Tim Tinker: Well, thank you very much for having me on.
Paul Laustsen: I was wondering if you could tell us why the USGS is studying the sea otter.
Tim Tinker: Well, the USGS has been interested in sea otters and the environment that sea otters live in for a long time. Sea otters are one of the more important members of the nearshore marine communities we find in the western coast of North America. And also right up around the North Pacific Rim over to the Russian Commander Islands and Kamchatka Peninsula.
Sea otters are what we refer to as a keystone species. And by that we mean that they have a very strong impact on the ecosystem that they live in. In the case of sea otters, when sea otters are absent from a system, from the nearshore communities, you tend to find an environment that is dominated by large benthic grazing invertebrates such as sea urchins. And a lot of these benthic grazers are able to limit the abundance of kelp. So the nearshore marine ecosystem without otters is one that’s dominated by these grazers. There is kelp but it is not particularly abundant.
As sea otters move back into a system, the characteristics of their biology including their incredibly voracious diet, their high metabolic rate, means that they consume a lot of shellfish. And by doing that they’re actually able to limit these grazing invertebrates and that leads to a great increase in the abundance of kelp. And so, you see the entire nearshore marine environment change to one dominated by urchins to one dominated by kelps. This whole ecosystem shift occurs simply by the presence or absence of sea otters. And so we refer to them as a keystone species.
Understanding sea otters and their relationships to the other members of that ecosystem has been one of the more interesting stories that we’ve tried to understand over the last 20 or 30 years.

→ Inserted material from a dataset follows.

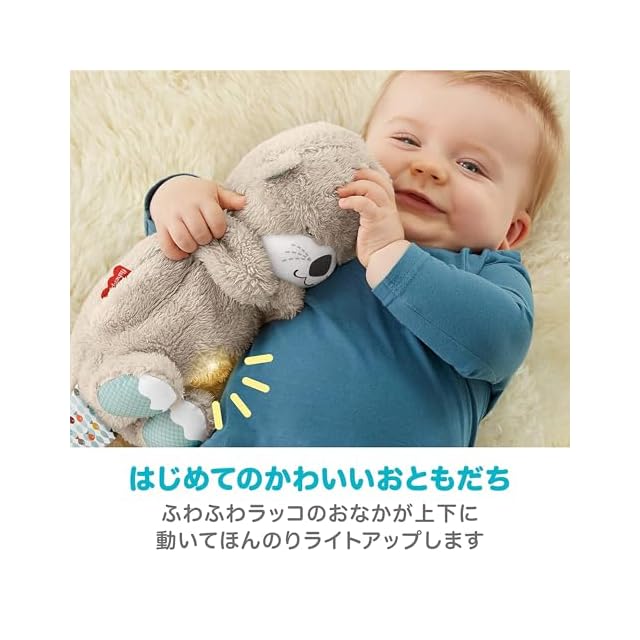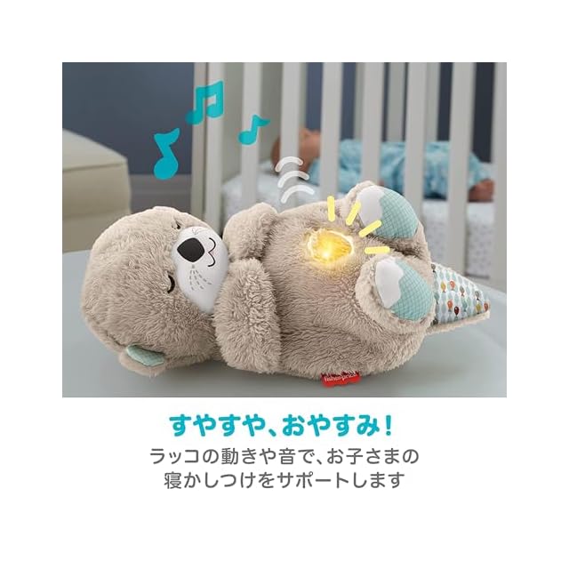 寝かしつけをサポートするかわいいおともだち。赤ちゃんが落ち着く音を流し、ラッコのおなかが上下に動くのでママパパのおなかの上で寝ているかのような安心感を与えます。

Paul Laustsen: You mentioned that there’s different colonies, some up in Alaska, some off the coast of Washington and down in California. What’s the difference between these sea otters?
Tim Tinker: Well, the southern sea otter is a separate subspecies from the northern sea otters. It’s genetically distinct, both the geographical distinctness but also the genetic differences lead to it being designated as a separate subspecies.
As far as their sort of overall appearance, their behavior and life history patterns, you wouldn’t really notice any great difference between the northern sea otters and the southern sea otters. They look pretty much the same. The southern sea otters are a little bit smaller than their northern cousins, both males and females. Male sea otters are larger than females in all populations. But the way they spend their lives, what they eat and all aspect of their behavior are pretty similar between the northern populations and the southern populations. So, you might not notice any difference at all.
Paul Laustsen: So I’m curious and perhaps for our CoreCast listeners you could describe the way that a sea otter moves and sounds.
Tim Tinker: Boy, that’s a tricky one. Well, sea otters are a little bit different from other marine mammals in that they spend most of their time on their backs, well, at least while they’re on the surface. They also spend more time at the surface in general than most other marine mammals.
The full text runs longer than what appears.